## Task description
Although the listing contains pictures, reproduce only its text, exactly as written.

## Material provided

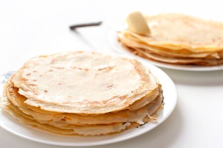 Two plates with many pancakes with butter on white background. Indoors still-life
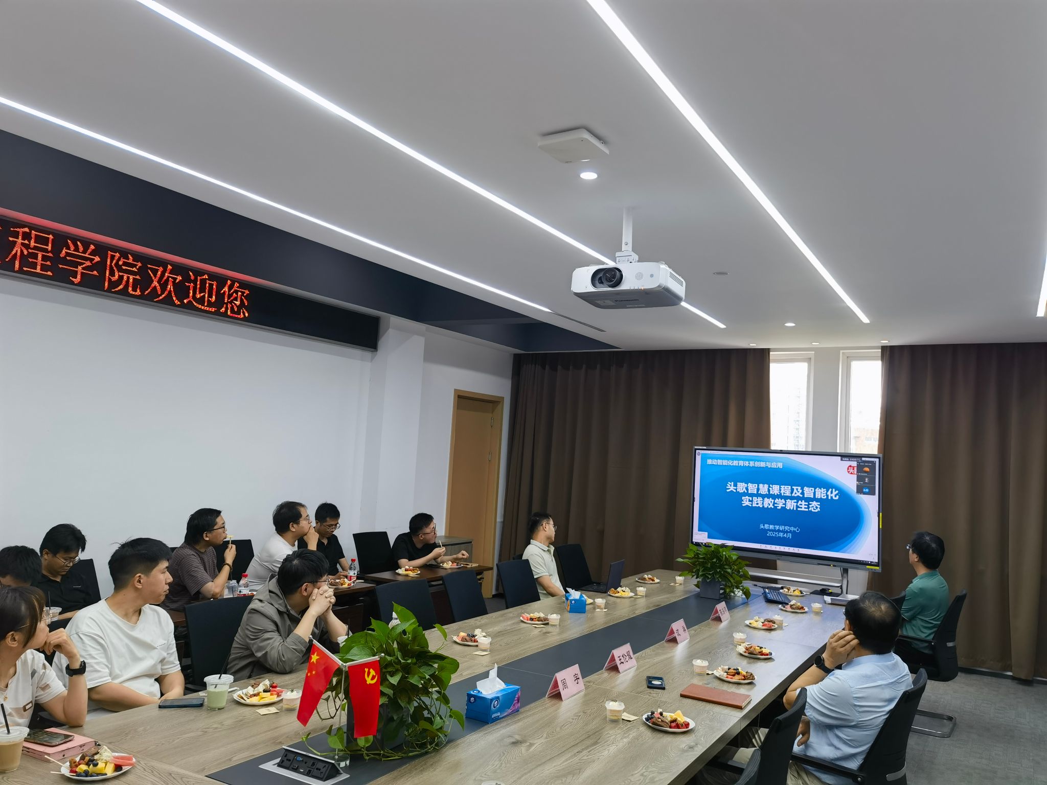 培训会上,头歌智慧教育工程师介了绍头歌智慧课程平台的“1+6”聚合模式,该模式以平台为核心,整合智慧资源、数字人、智能工具、智能体、知识库、知识图谱六大模块,形成“智能建课—课堂教学—实验实训—考试评价”全流程教学闭环。通过编程实验、数据库设计、虚拟仿真等案例,演示平台如何支持在线编程环境、云桌面工具及 3D 场景模拟,实现“学、练、测、评”一体化。
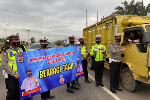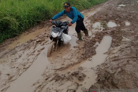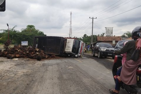 Truk sawit terbalik di tengah Jalan Lintas Sumatera wilayah Mesuji

## Answer space
 Two plates with many pancakes with butter on white background. Indoors still-life
 培训会上,头歌智慧教育工程师介了绍头歌智慧课程平台的“1+6”聚合模式,该模式以平台为核心,整合智慧资源、数字人、智能工具、智能体、知识库、知识图谱六大模块,形成“智能建课—课堂教学—实验实训—考试评价”全流程教学闭环。通过编程实验、数据库设计、虚拟仿真等案例,演示平台如何支持在线编程环境、云桌面工具及 3D 场景模拟,实现“学、练、测、评”一体化。
 Truk sawit terbalik di tengah Jalan Lintas Sumatera wilayah Mesuji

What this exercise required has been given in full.